If you would like to clone the repository, type "git clone https://github.com/kheller18/nba-sports-betting-ml.git". In the terminal, with the conda dev environment activated, install the following packages and dependencies before running the NBA Machine Learning application. To understand how to install these, refer to the Usage
-
csv - Used to store all of our data
-
Jupyter Lab - version 3.4.4 - Used to create and share documents that contain live code, equations, visualizations and narrative text.
-
pandas - For the analysis of NBA data.
-
pathlib - version 1.0.1 - This was used to locate through the directory or file path.
-
TensorFlow 2.0 - An end-to-end machine learning platform
-
Keras - Keras is a popular deep learning framework that serves as a high-level API for TensorFlow
-
Scikit-Learn - Tools for data predictions and analysis
-
NumPy - Package for scientific computing
After cloning the repository locally, you'll need to have the packages listed in Installation installed on your machine. To do so, you'll need to activate your conda dev environment and running the following commands:
```
pip install pandas
pip install jupyterlab
pip install --upgrade tensorflow
pip install -U scikit-learn
pip install numpy
```
After all of these are installed, please refer to the Deployment section for instructions on how to view or edit the notebook.
MIT License
Copyright (c) 2023 Keenan Heller | Olga Ortega | Audell Sabeti | Ariana Moreno | Rachel Hodson
Permission is hereby granted, free of charge, to any person obtaining a copy
of this software and associated documentation files (the "Software"), to deal
in the Software without restriction, including without limitation the rights
to use, copy, modify, merge, publish, distribute, sublicense, and/or sell
copies of the Software, and to permit persons to whom the Software is
furnished to do so, subject to the following conditions:
The above copyright notice and this permission notice shall be included in all
copies or substantial portions of the Software.
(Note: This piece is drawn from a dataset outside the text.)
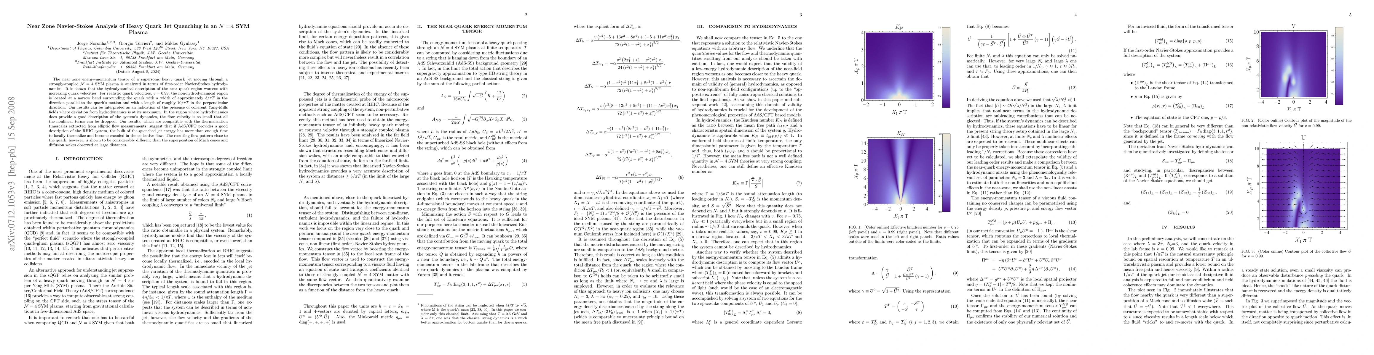 The near zone energy-momentum tensor of a supersonic heavy quark jet moving through a strongly-coupled $\mathcal{N}=4$ SYM plasma is analyzed in terms of first-order Navier-Stokes hydrodynamics. It is shown that the hydrodynamical description of the near quark region worsens with increasing quark velocities. For realistic quark velocities, $v=0.99$, the non-hydrodynamical region is located at a narrow band surrounding the quark with a width of approximately $3/\pi T$ in the direction parallel to the quark's motion and with a length of roughly $10/\pi T$ in the perpendicular direction. Our results can be interpreted as an indication of the presence of coherent Yang-Mills fields where deviation from hydrodynamics is at its maximum. In the region where hydrodynamics does provide a good description of the system's dynamics, the flow velocity is so small that all the nonlinear terms can be dropped. Our results, which are compatible with the thermalization timescales extracted from elliptic flow measurements, suggest that if AdS/CFT provides a good description of the RHIC system, the bulk of the quenched jet energy has more than enough time to locally thermalize and become encoded in the collective flow. The resulting flow pattern close to the quark, however, is shown to be considerably different than the superposition of Mach cones and diffusion wakes observed at large distances.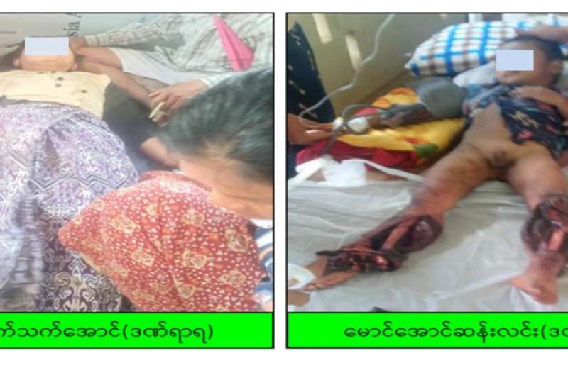 ပဲခူးတိုင်းဒေသကြီး၊ ကျောက်တံခါးမြို့နယ်၌ ဇူလိုင်လ ၉ ရက်နေ့က ဆေးကုသရန် သွားသည့် သားအမိ ၂ ဦး PDF အမည်ခံအကြမ်းဖက်သမားများ ထောင်ထားသည့် လက်လုပ်နင်းမိုင်း တစ်လုံးအား နင်းမိပေါက်ကွဲကာ ၄ နှစ်အရွယ်ကလေးငယ်တစ်ဦးနှင့် မိခင်ဖြစ်သူတို့ ထိခိုက်ဒဏ်ရာ ပြင်းထန်ရရှိခဲ့ကြောင်း သိရသည်။

THE SOFTWARE IS PROVIDED "AS IS", WITHOUT WARRANTY OF ANY KIND, EXPRESS OR
IMPLIED, INCLUDING BUT NOT LIMITED TO THE WARRANTIES OF MERCHANTABILITY,
FITNESS FOR A PARTICULAR PURPOSE AND NONINFRINGEMENT. IN NO EVENT SHALL THE
AUTHORS OR COPYRIGHT HOLDERS BE LIABLE FOR ANY CLAIM, DAMAGES OR OTHER
LIABILITY, WHETHER IN AN ACTION OF CONTRACT, TORT OR OTHERWISE, ARISING FROM,
OUT OF OR IN CONNECTION WITH THE SOFTWARE OR THE USE OR OTHER DEALINGS IN THE
SOFTWARE.
- There are currently no tests associated with this project.
- There is currently no live deployment of this notebook on a common server, but the user has the ability to run this notebook locally on their machine via:
Jupyter Lab
: Navigate to the root directory and type "jupyter lab NN_Win_Margin.ipynb" for the Moneyline models and "jupyter lab NN_Over_Under.ipynb" for Over/Under models.Google Colab
: For Moneyline models, open "GC_NN_Win_Margin.ipynb" and click "Open in Colab". For Over/Under models, open "GC_NN_Over_Under.ipynb" and click "Open in Colab".